UDRP panels have added as respondents the underlying registrants or the persons found to be controlling them. See id., section 4.4.2. As the panel reasoned in The Royal Bank of Scotland Group plc v. Reserved Bench of Strategic Geographers / Domain ID Shield Service, WIPO Case No. D2012-1733, “the ‘Respondent’ must be the person or entity whose potential rights or legitimate interests in the disputed domain name, registration, and alleged bad faith are at stake”. But where that stakeholder seeks to avoid accountability under the registration agreement, and the domain privacy service abets this evasion by refusing to identify the underlying registrant, UDRP panels also have held the domain privacy service responsible for the underlying registrant’s conduct, pointing to paragraph of the ICANN Registrar Accreditation Agreement. “[This] states that a WhoIs-listed registrant (referred to as the ‘Registered Name Holder’) accepts liability for any use of the relevant domain name unless it timely discloses the contact information of any underlying beneficial registrant.” WIPO Overview 3.0, section 4.4.6.

The Panel in this proceeding adopts this rationale. The Njalla privacy service may decide for itself whether there are “legal merits to any formal government requests”, but in the end its parent company remains responsible for the domain names that it owns. The Panel may infer bad faith where this Respondent fails to respond to trademark and UDRP claims, evincing a disregard of the rights of others. Those rights are not limited, after all, to “health and safety” concerns. Trademark infringement, phishing personal information, fraud, and financial scams, for example, are clearly within the scope of the Policy’s conception of bad faith. See WIPO Overview 3.0, section 3.4 (citing cases involving various bad-faith uses in addition to trademark abuse).

The evidence on this record is that the Domain Names have been exploiting an internationally well-established financial services trademark for a website evidently designed to scam potential investors by impersonating one of the Complainant’s affiliates, down to the detail of its UK FCA registration number. This demonstrates prior knowledge of the Complainant and its mark and bad faith intent to trade illicitly on the mark. Another WIPO panel similarly found bad faith where a respondent’s imitative website also appeared to be “cloning” this same Complainant’s business in Brookfield Office Properties Inc. v. Domain Administrator, PrivacyGuardian.org / Sazuke Yoshimura, Global Connector, WIPO Case No. D2020-2412. There, as here, the record included “warnings issued to the public of the use of the website to which the disputed domain name resolves for fraudulent purposes”.

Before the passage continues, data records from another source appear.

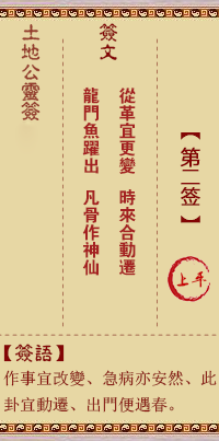 當前的位置:三藏算命網 - 算命大全 - 土地公公靈簽 - 土地公靈簽解籤 第二簽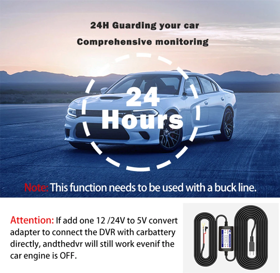 24-часовой мониторинг парковки, когда происходит столкновение во время парковки, система автоматически включит видео мониторинг, чтобы защитить ваш автомобиль 24 часа в сутки.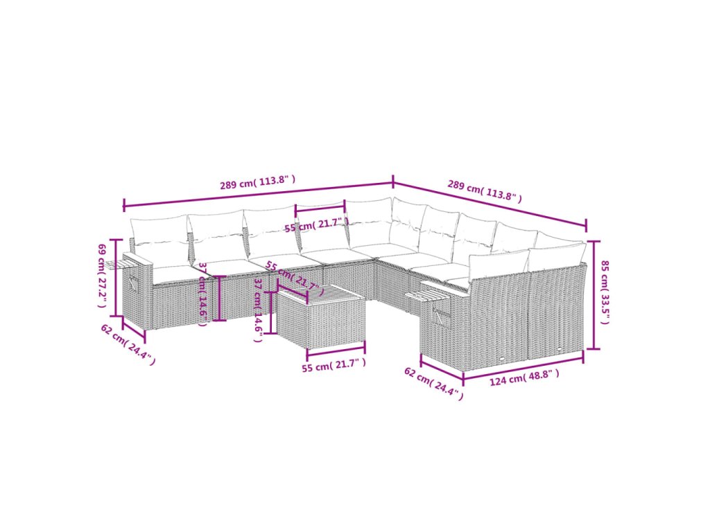 11dílný zahradní sedací souprava s poduškami béžový polyratan 3259602

The Panel finds that this conduct reflects bad faith in the registration and use of the Domain Names. The Panel finds in addition that the Respondent privacy service may be held accountable for such conduct under the registration agreement and concludes, therefore, that the third element of the Policy has been established.

7. Decision

For the foregoing reasons, in accordance with paragraphs 4(i) of the Policy and 15 of the Rules, the Panel orders that the Domain Names, <bifplc.com> and <brookfieldinvestmentfundsplc.co>, be transferred to the Complainant.